Несколько минут спустя Конан надел длинный темно-коричневый плащ — предварительно сильно встряхнув его в надежде избавиться от всяких маленьких шестиногих обитателей, — и одеяние сразу стало казаться коротким. Край его заколыхался где-то выше его икр, когда он зашагал рядом с более низкорослым Явузом, который, однако, был совершенно обычного среднего роста. Ни один случайный наблюдатель не заметил бы, что плащ ни разу не отлетел в сторону от правого бока высокого юноши; он придерживал его там двумя пальцами, чтобы прикрыть длинный меч, который нес в руке.
— Мы направляемся к базару, — заметил Конан.
— Да, — прихрамывая, сказал Явуз. — Иранистанская собака устроилась в хорошей таверне, за границами Пустыни.
— Не называй его собакой, собака; ты на него работал! Покажи-ка свой кошелек.
Рука Явуза машинальным защитным жестом схватилась за квадратный кошель, который он носил на поясе, на двойной бечеве; Явуз опасался воров.
На его руке сомкнулась ладонь Конана. Его глаза расширились, когда пальцы сжались сильнее. Очень быстро он почувствовал боль. Наемник чужестранца с далекого Востока знал, что в этой большой руке осталось еще много силы. Явуз одной рукой отвязал кошелек и передал его идущему по другую сторону Конану. Мощная, как тиски, хватка отпустила его руку. Явуз опустил глаза и увидел на коже четыре отчетли вых белых отметины; у неге на глазах они покраснели, когда кровь хлынула обратно в кисть руки. Кулак, достаточно большой, чтобы свалить быка, подумал Явуз. Как же, этот парень-переросток мог бы того быка задушить!
— О Митра, — пробормотал Явуз.
— Нет, Кром, — сказал Конан.
— Что?
— Я употребляю для ругательств имя Крома. Богов в Шадизаре было множество, и некоторые из них были непонятными, а другие — непристойными, а их обряды и того хуже.
— Ну, тогда Кром, — сказал Явуз и подумал про себя: «Кто такой Кром?»

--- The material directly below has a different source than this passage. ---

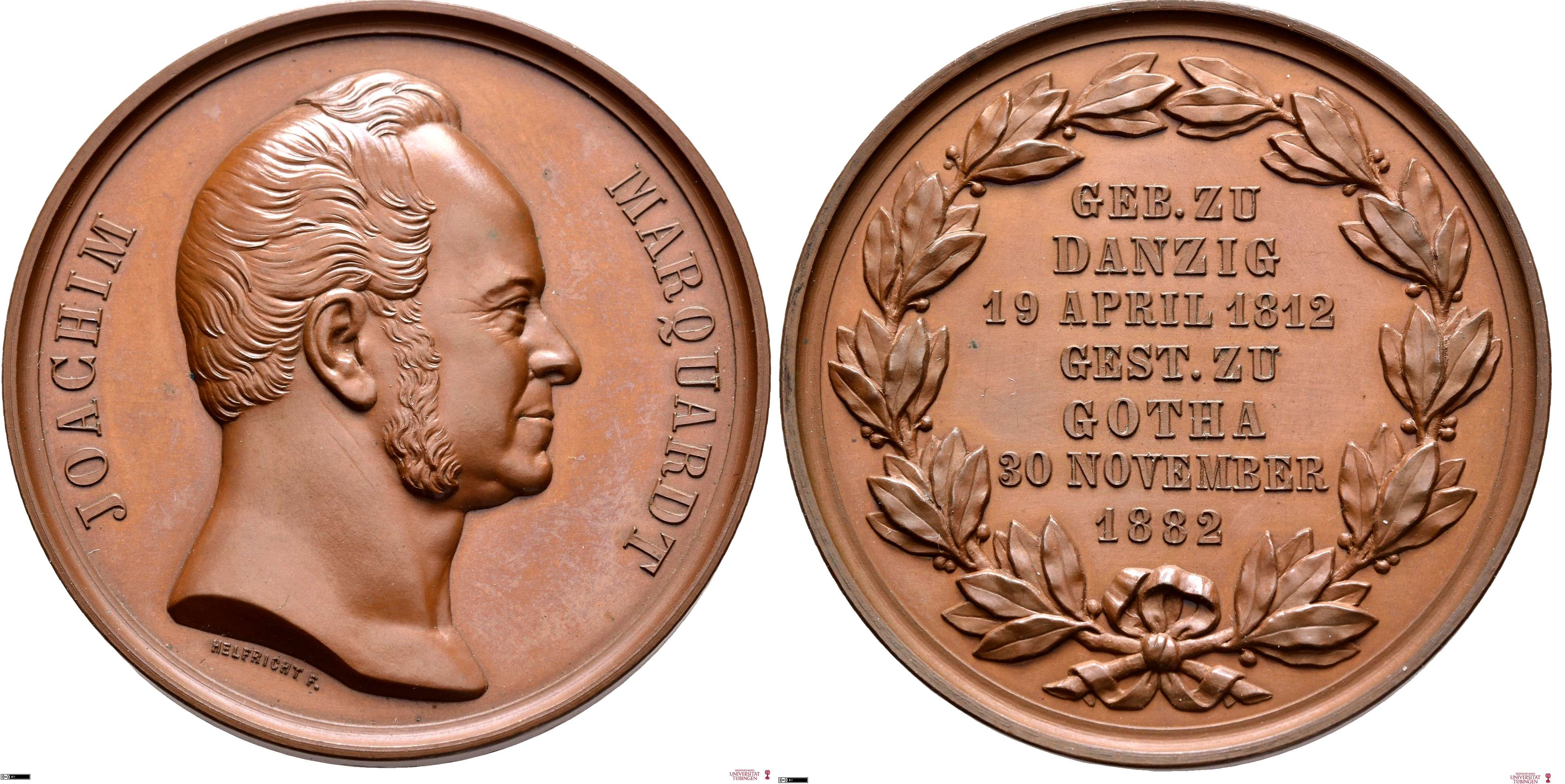 The front side depicts Marquardt surrounded by his name. The engraver Ferdinand Helfricht signed below the neck. The back side lists his place and date of birth and death in German placed inside a laurel wreath.

— Хлам, — добавил Конан, роясь в кошельке своего пленника. — Хлам… неплохое колечко. Украдено так недавно, что у тебя не было времени продать его скупщикам, да? И несколько медных монет… а это что такое? Два золотых! Хо-хо, держу пари, они все еще теплы от руки иранистанца! Скоро я их верну. Ты ведь их не заработал. Держи; весь остальной этот хлам мне не нужен.
— Хлам!
— Да. Изумруд в этом латунном кольце настолько мал, что на вырученные с него деньги ты не сможешь прокормиться и двух дней.
— Латунном!
— Вытащи его снова и поиграй им, пока мы идем. Вот увидишь, когда мы дойдем до места назначения, твои пальцы позеленеют. Далеко еще?
Явуз снова привязал кошелек к поясу двойной бечевкой и не стал открывать его, чтобы «поиграть» кольцом.

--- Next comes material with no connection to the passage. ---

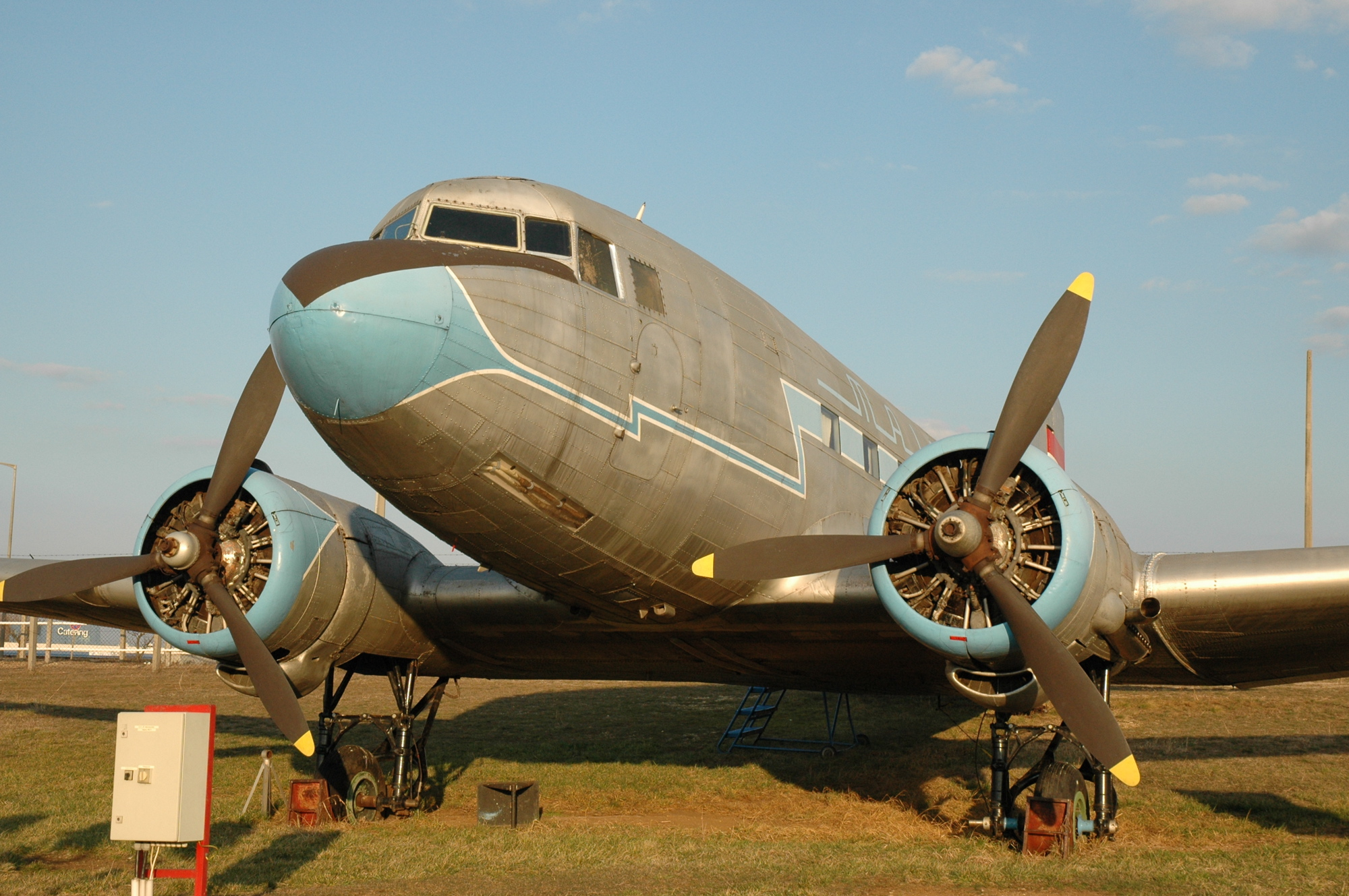 Lisunov Li-2 (reg. HA-LIQ), displayed at the Aviation Memorial Park (Budapest, Hungary)

— Нет… не очень далеко, — сказал он. — Ты, отдающий назад медные монеты и кольцо, о котором ты знаешь, что оно украдено… хорошо идти с человеком такого размера. Никто тебя не останавливает. Все отходят в сторону.
Конан ухмыльнулся.
— Тебе случайно не нужен наемный убийца, а? С ловкими руками, спокойный, умеющий держать язык за зубами?

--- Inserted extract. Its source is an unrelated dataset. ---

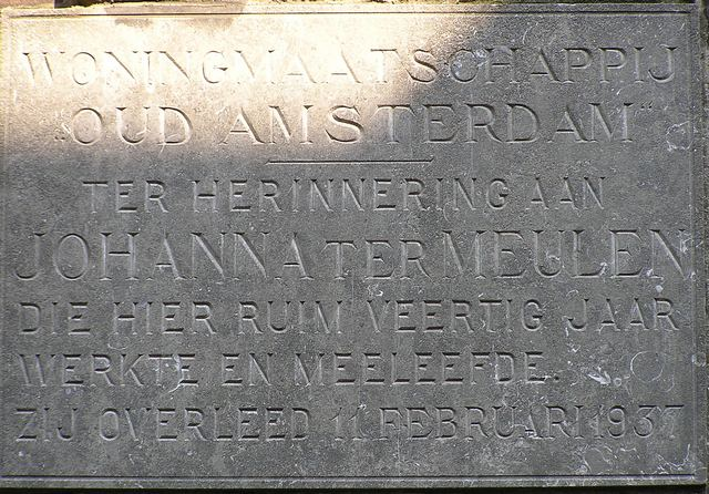 Memorial in the Tuinstraat, Amsterdam

— Вряд ли. Кроме того, ты калека.
— Я хожу так, потому что ты положил кость в мой башмак! Я в прекрасном состоянии, как золотая монета Турана!
— Что ж, сейчас ты в Заморе. Иди, Явуз. Я хочу поговорить с иранистанцем, а не с отмеченным шрамом хромым из выгребных ям Шадизара!
— Ты не собираешься убить меня, ведь правда, Конан?
— Возможно, и нет. Но я начинаю терять терпение. Несмотря на хромоту, Явуз прибавил ходу. Они свернули на одну из улиц в квартале от базара, который отмечал начало более приличной части Шадизара. Двое одетых в форму солдат из городской стражи, неторопливо идущих им навстречу, взглянули на эту парочку, не прерывая своего негромкого разговора. Сказать, что Конан не любил подобных людей, было бы преуменьшением. Однако в эту ночь он совершенно определенно не собирался искать неприятностей с людьми, следящими за соблюдением законов Шадизара. Он сделал большую уступку, заскрипев при этом зубами, — ступил на середину улицы, чтобы позволить стражникам пройти ближе к домам. Они сделали это и пошли дальше.
На скрипучих старых цепях покачивалась вывеска; на ней была изображена голова рычащего льва. Голова и грива были выкрашены в алый цвет.
— Здесь, — сказал Явуз.
— Загляни внутрь. Посмотри: видно ли того, кто нам нужен.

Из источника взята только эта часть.